Pickleball is played on a badminton-sized court with a perforated plastic ball similar to a Wiffle ball, and wood or composite paddles about twice the size of Ping-Pong paddles. It can be played indoors or outdoors, with singles or doubles. Special apparel is not needed–merely something comfortable and appropriate for a court sport.
Although pickleball can be played by all ages, its popularity is really driven by seniors. The reasons they enjoy it so much are:
• With plenty of free time, they can use the courts in peak as well as off-peak hours.
• As many of them are former tennis players, they find pickleball a good “step-down” sport when tennis becomes too demanding.
• The game is easy to learn, so new players can be introduced to it and playing in minutes.
• More people are able to play at once compared to the number in a traditional tennis match.
There are two paths to convert existing courts to pickleball courts–shared use and dedicated use.
For shared use, simply add pickleball lines to an existing court so players of both sports can use the facility. This may cause some initial confusion, but players quickly become accustomed to the lines.
The simplest way to add one pickleball court is to lower the tennis net to 34 inches in the center. Hold-down arrangements can be used at the ends of the net to bring it down to the correct height at the sidelines (36 inches).
Alternatively, a center strap may be used to bring the net down to the proper height. If the tension on the net cord is very tight, the tension might have to be loosened slightly by adjusting the ratchet on the net post. Lines can be chalked, taped, or painted on the court for pickleball.
Map It Out
Figure 1 shows two pickleball courts laid out on a tennis court. Since a standard tennis court pad is 60 feet by 120 feet, and the minimum recommended size for a pickleball court is 30 feet by 60 feet, it is exactly one-fourth the size of a standard tennis court pad. Therefore, it is possible to put four pickleball courts in the same space as one tennis court; an exception to this is if the corners of the court are angled, which is done on some tennis courts.
If the corners are angled, then two courts will fit very nicely as shown. If the conversion is temporary or the court continues to be used for tennis, portable net stands can be used for the pickleball courts, and the tennis net can be left in place to serve as a backstop.
Figure 2 shows four pickleball courts on a tennis court. Note the position of the pickleball courts has shifted 2 feet to allow for the angled corners. That leaves only 6 feet between the pickleball baseline and the tennis net–a little tight–but it will work in a pinch.

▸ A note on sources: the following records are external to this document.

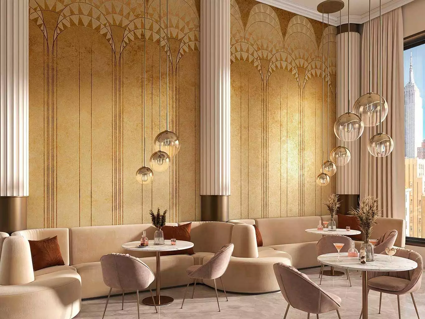 Das Motiv LEXINGTON von Tecnografica ist eine Hommage an den Art-Déco-Stil – luxuriös, geometrisch, glamourös. Das Design zeigt symmetrische Fächerformen und elegante vertikale Linien in Goldtönen, die an klassische Architektur und die Eleganz der 1920er Jahre erinnern. Die dezente Patina verleiht dem Design Tiefe und Charakter. Ideal für Hotels, Bars oder elegante Wohnräume, die ein Gefühl von urbanem Chic und zeitloser Raffinesse vermitteln möchten. LEXINGTON ist vollständig skalierbar – die Abmessungen lassen sich individuell an dein Projekt anpassen. Smart, inspiriert und flexibel.
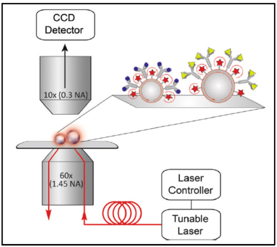 The multiple microsphere resonator system: the objective lens is utilized as the coupling waveguide, while two differently sized microspheres are paired with different receptors. CCD detects the fluorescence behavior of the system. Reprinted with permission from [136].
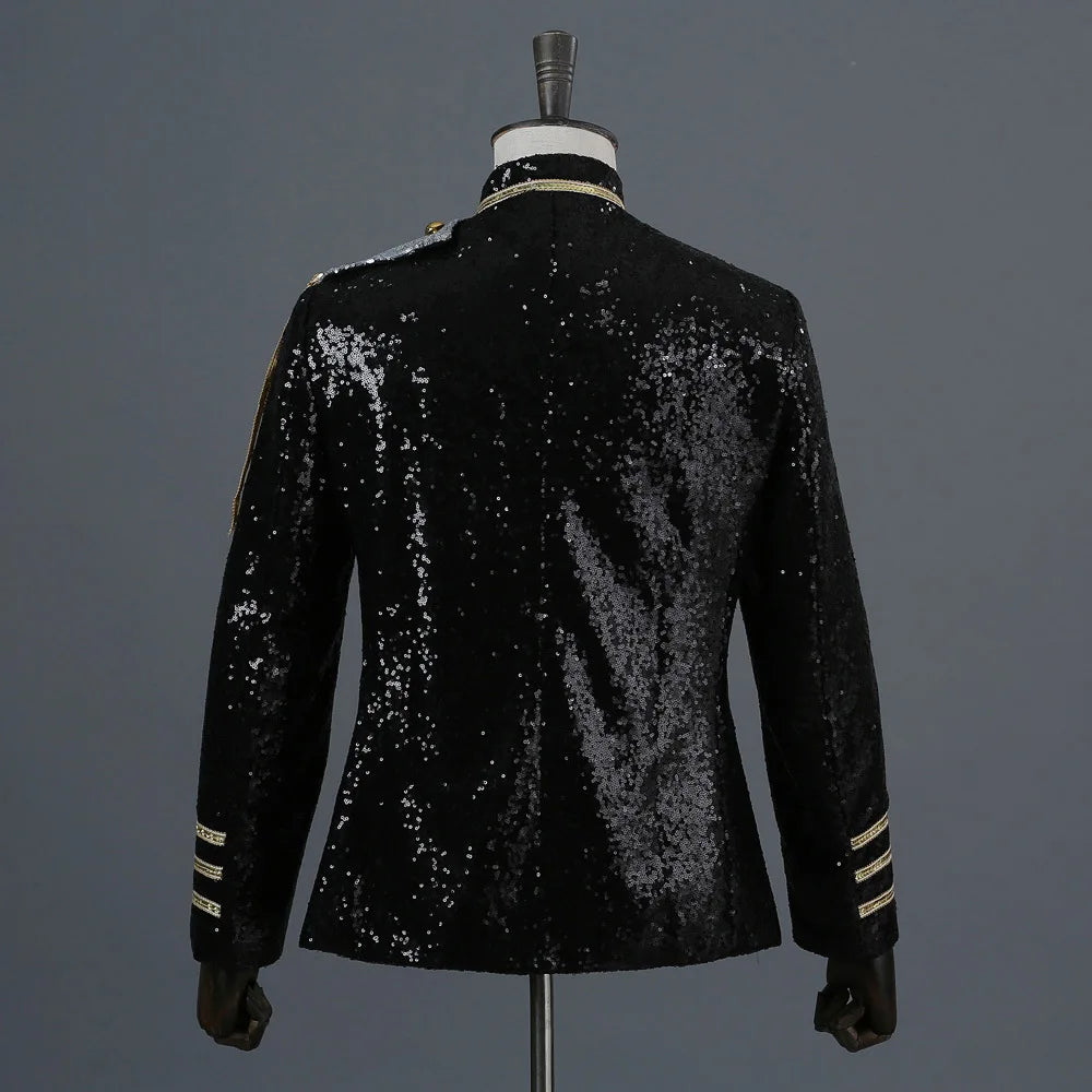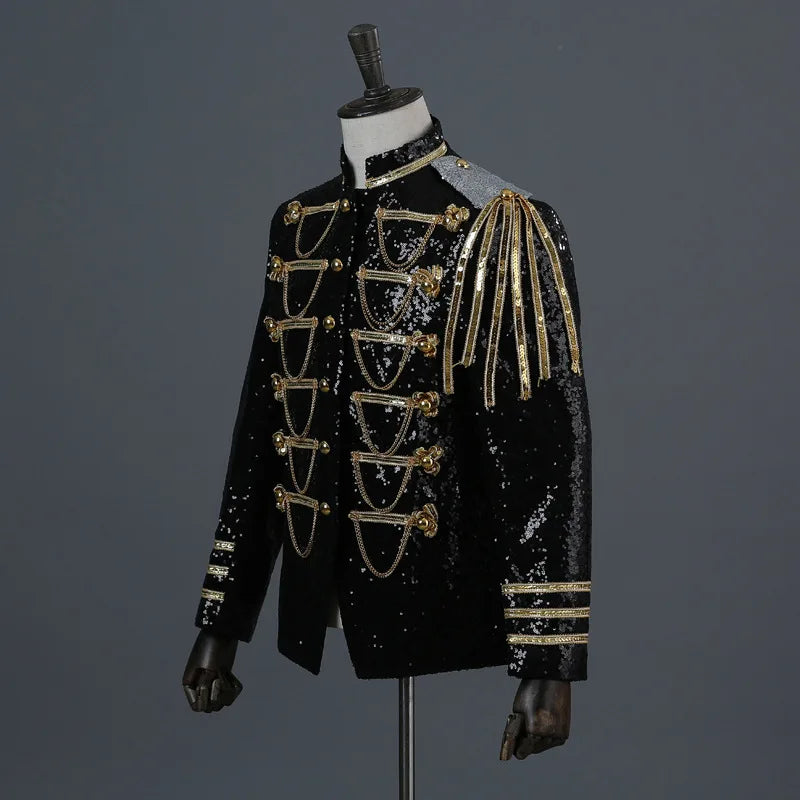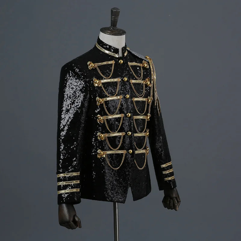 Chaqueta Negra de Lentejuelas con Cadenas y Detalles Dorados Estilo Metal

If the tennis court does not have angled corners, adjust the courts 2 feet so there is an 8-foot distance between the pickleball baseline and the backstops. Note how the lines are made to coincide as much as possible with the tennis court lines in order to minimize line confusion. Also, be aware that this layout does not allow room for fences between the side-by-side courts.
Figure 3 shows two tennis courts that have been permanently converted to eight pickleball courts. (For a single tennis court conversion, refer to half of the diagram.) Square off angled corners if necessary. If the tennis court is the standard size, it only allows 5 feet between the pickleball sidelines and the fences. This should be considered the minimum dimension. If space and budget allow, add some overall width to give active players more room, as well as a space for seating by the courts.

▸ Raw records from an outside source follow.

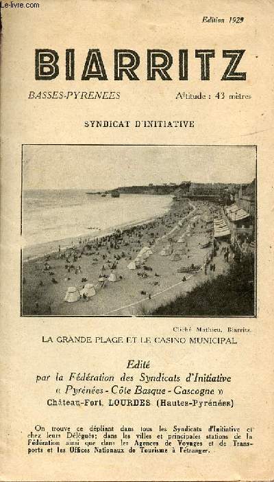 Fédération des Syndicats d'Initiative. 1929. In-Plano. En feuillets. Etat d'usage, Couv. convenable, Dos satisfaisant, Papier jauni. Une plaquette dépliante de 12 pages.. . . . Classification Dewey : 908.447-Régionalisme : Aquitaine
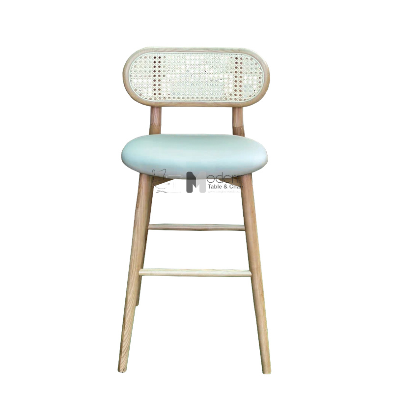 Ghế đảo bếp khung gỗ ash cao 75 cm nệm bọc tựa lưng mây đan CB DECO-75P
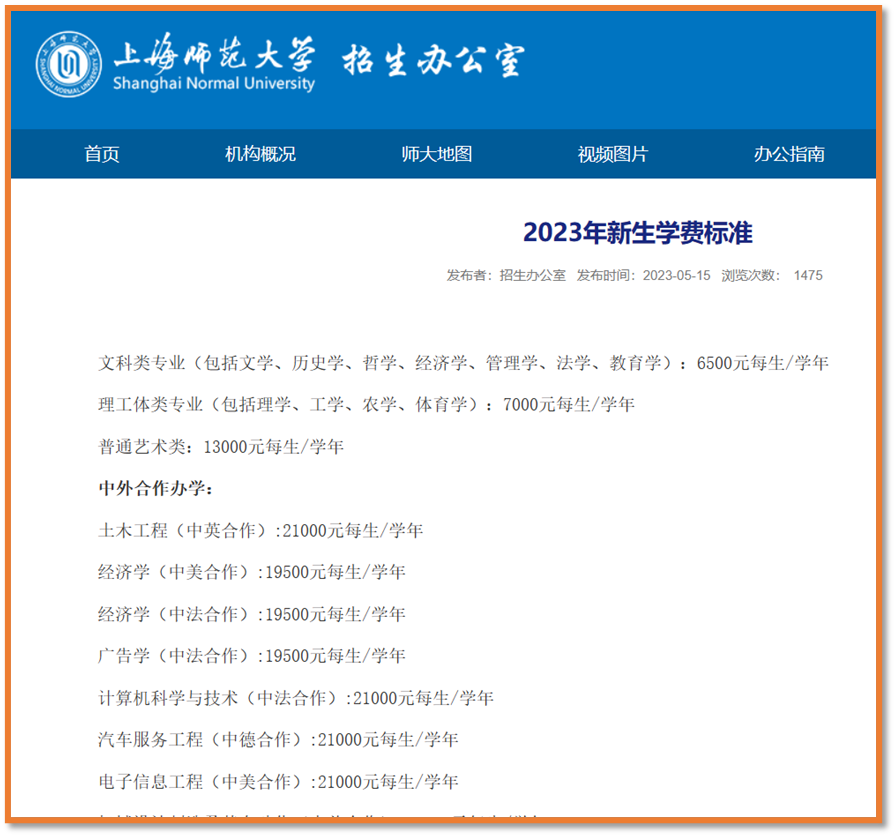 上海师范大学招生办公室公布的2023年新生学费标准中,文科类专业为6500元每生/学年,理工体类专业为7000元每生/学年。而2022年,该校一般专业为5000元/学年。

Just that easily, conversions are happening across the United States with great success:
• Stanley Volkens, USA Pickleball Association Local Ambassador for Southwest Ohio, surveyed 16 tennis courts in Middletown and found them greatly underutilized. He proposed converting two tennis courts into six pickleball courts. The dimensions worked out perfectly. The courts have 14 feet between them with 8 feet at the ends. The tennis nets are the backdrops between the ends of the courts. The pickleball players did all the work, and paid all the costs ($3,956). They presented the new courts to the city with a ribbon-cutting ceremony attended by park board and city council members.

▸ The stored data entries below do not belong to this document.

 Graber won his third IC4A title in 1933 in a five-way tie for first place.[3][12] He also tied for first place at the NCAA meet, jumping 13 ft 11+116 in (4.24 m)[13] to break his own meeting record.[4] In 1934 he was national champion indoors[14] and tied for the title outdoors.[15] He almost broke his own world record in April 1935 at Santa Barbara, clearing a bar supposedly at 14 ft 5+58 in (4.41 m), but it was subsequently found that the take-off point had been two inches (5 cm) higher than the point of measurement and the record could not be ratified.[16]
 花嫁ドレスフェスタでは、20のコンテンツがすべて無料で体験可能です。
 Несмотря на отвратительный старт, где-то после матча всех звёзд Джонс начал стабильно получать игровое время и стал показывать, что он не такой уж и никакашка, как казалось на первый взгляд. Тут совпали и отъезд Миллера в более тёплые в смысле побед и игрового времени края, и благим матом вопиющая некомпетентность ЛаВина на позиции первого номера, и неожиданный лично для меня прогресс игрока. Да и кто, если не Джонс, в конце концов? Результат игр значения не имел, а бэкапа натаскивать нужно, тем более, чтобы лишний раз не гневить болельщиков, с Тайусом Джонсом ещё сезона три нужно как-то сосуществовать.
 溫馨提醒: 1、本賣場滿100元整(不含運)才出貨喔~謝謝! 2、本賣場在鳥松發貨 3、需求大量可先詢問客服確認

• Paul Barksdale and Rex Lawler, Local Ambassadors for Greater Terre Haute, Ind., played on the Middletown courts in the Southwest Ohio Senior Games, and were so impressed that they brought a similar plan back home. They found underutilized tennis courts and proposed a shared-cost plan to their park and recreation department. The players raised $1,500 to cover nets, posts and other supplies; the park and recreation department agreed to provide the labor following the same step-by-step process and court format used in Ohio.
• In Port Angeles, Wash., two deteriorating tennis courts were converted into six pickleball courts. Originally donated to the city by the Elks in 1951, the $30,000 conversion cost was shared by the Elks and the city. The courts are often maxed out with 24 players at a time having fun and getting exercise.
But don’t take my word for it–just witness a heated inter-generational game, and you will see why this sport with a funny name is becoming so popular.